For the Applicant: MRS J. CURRIE

For the Respondents: MR. B. MAGAGULA



JUDGMENT

(2nd February 2006)

[1] The Applicant has filed an urgent application for an order in the following terms:

1. That the usual forms and service relating to the institution of proceedings be dispensing with and that this matter be heard as a matter of urgency.

2. That the Applicant's non-compliance with the Rules relating to the above said forms and service be condoned

3. That a rule nisi due issued returnable on a date and time to be determined by the above Honourable Court why an order in the following terms should not be final:


3.1. Ordering the 1st and 2nd Respondents to forthwith furnish the Applicant with a copy of the Deed of Sale entered into between Tea Road View (Pty) Limited, represented by the lsl Respondent and the 3rd Respondent.

3.2. In the event of Applicant agreeing to the aforesaid sale, that 505 of the proceeds are paid by the 3rd Respondent to the Applicant's attorneys within 3 days of receipt thereof.


4.Interdicting the 1st Respondent from selling any further property registered in the
name of Tea Road View without the consent of the Applicant.

4.1. Granting costs on the scale as between attorney and own client against 1st and 2nd Respondents.

4.2. That the above order operates with immediate interim effect pending the outcome of the application.



[2] The said application is supported by the Founding affidavit of the Applicant. Various annexures are also filed in support thereto.
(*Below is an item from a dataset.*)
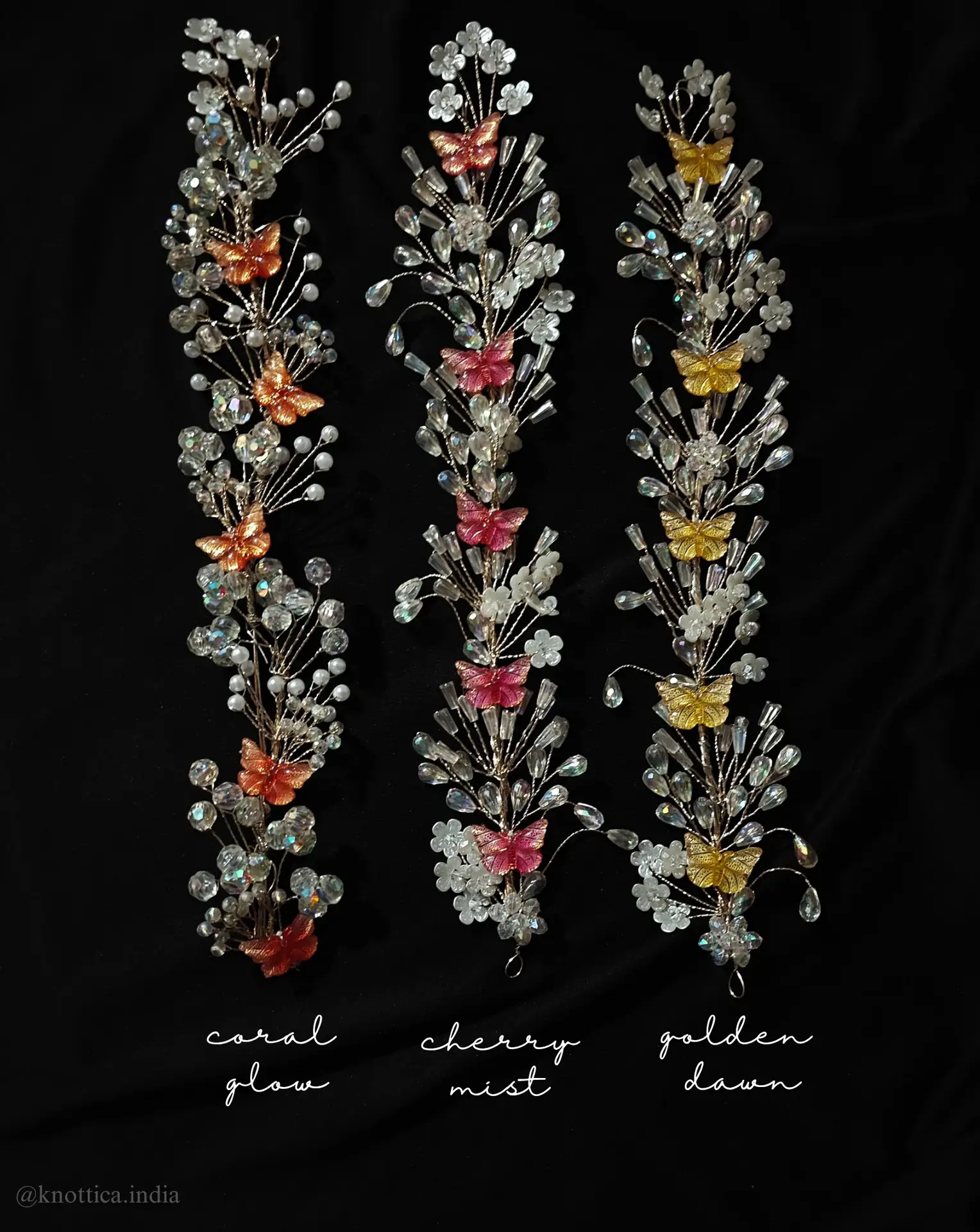 Step into a storybook moment with the Bloomie Hair Tiara – a dreamy cascade of shimmering crystal sprays, translucent florals, and fluttering butterflies in vibrant hues. Available in Coral Glow (orange), Cherry Mist (pink), and Golden Dawn (yellow), each piece is handcrafted to elevate bridal buns, braids, or open curls.

[3] In view of the urgency in which the matter has been brought the Respondent has not filed any opposing affidavits but has advanced points of law. These points are the subject-matter of this judgment. The points are formulated as follows:

1. Applicant has failed to set forth explicitly or at all, the circumstances she avers renders the matter urgent and in particular why she claims she cannot be afforded substantial redress in due course, as per the requirements of Rule 6 (25) (b).
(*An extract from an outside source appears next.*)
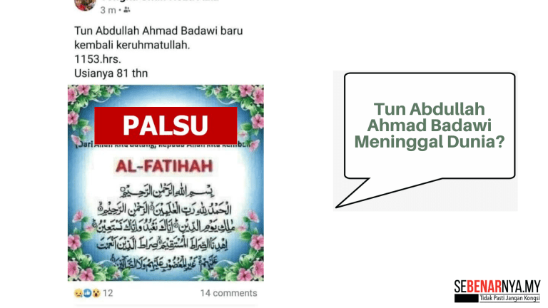 Dakwaan Tun Abdullah Ahmad Badawi Meninggal Dunia Adalah Tidak Benar

1.1. In the entire Founding affidavit of the Applicant, there is nowhere where she evens makes an attempt to tell the court why this matter is urgent. Secondly, she does not even address the second leg of the requirement of Rule 6 (25) (b), which is why she claims she cannot be afforded substantial redress in due course.

1.2. The Applicant has barely given the lsl Respondent anytime to file any papers and come to court in this matter. The application was served on the 1st Respondent's present attorneys at around 3.30pm on Friday afternoon, yet in the Notice of Motion they have made provision that we should file a Notice of Intention to Oppose by 13.00 hours, on the 27th of January 2006. Further down in paragraph (b) of the Applicant states that, if no such Notice of Intention to oppose is given the application will be made on the 27th of January 2006, yet on the Notice of Motion the provision for date of hearing is the 30lh January 2006. The Applicant's papers are in disarray and very confusing. Even by extension, if it assumed that we should come to court by Monday morning, there are no time limits stated within which we should file our Notice of Intention to Oppose and subsequent papers. See Ben Zwane vs The Deputy Prime Minister - Civil Case No. 624/2000 (unreported).
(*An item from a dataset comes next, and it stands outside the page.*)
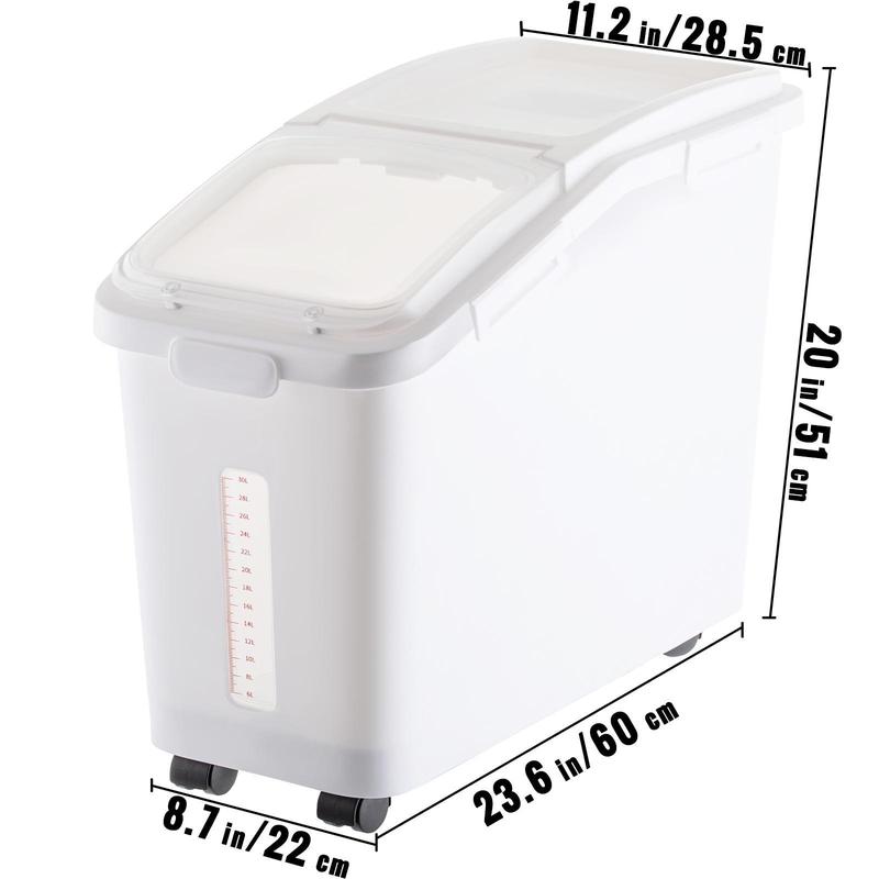 ⢠ăHIGH-QUALITYă - The highlight of this product is that the rice bin has a transparent window and scale, which allows us to observe the allowance in the barrel and replenish it in time. At the same time, designed with high-quality food-grade PP and PET material, this commercial flour bin is convenient to store food and will not easily be contaminated. Furthermore, it is made of thickened 3 mm wall, which provides strength and durability.

2. There has been a non-joiner of an interested party in this matter, who is Tea Road View (Pty) Limited. The court will note that the relief which the Applicant seeks is that, the Is1 and 2nd Respondents must furnish the Applicant with a copy of the Deed of Sale entered in between Tea Road View and the 3rd Respondent. Tea Road View itself has not been cited in this matter, yet the relief sought pertains it in one way or the other. The prayer sought in paragraph 4 as well also pertains to Tea Road View (Pty) Limited. The latter has an interest in the nature of the relief sought, it is imperative that it should have been cited.


3. The nature of Applicant's relief sought in paragraph 3.2 of her Notice of Motion is liquid in nature, yet she has elected to use motion proceedings. In the circumstances motion proceedings are not competent for a claim that is liquid in nature. Those claims are reserved for action proceedings.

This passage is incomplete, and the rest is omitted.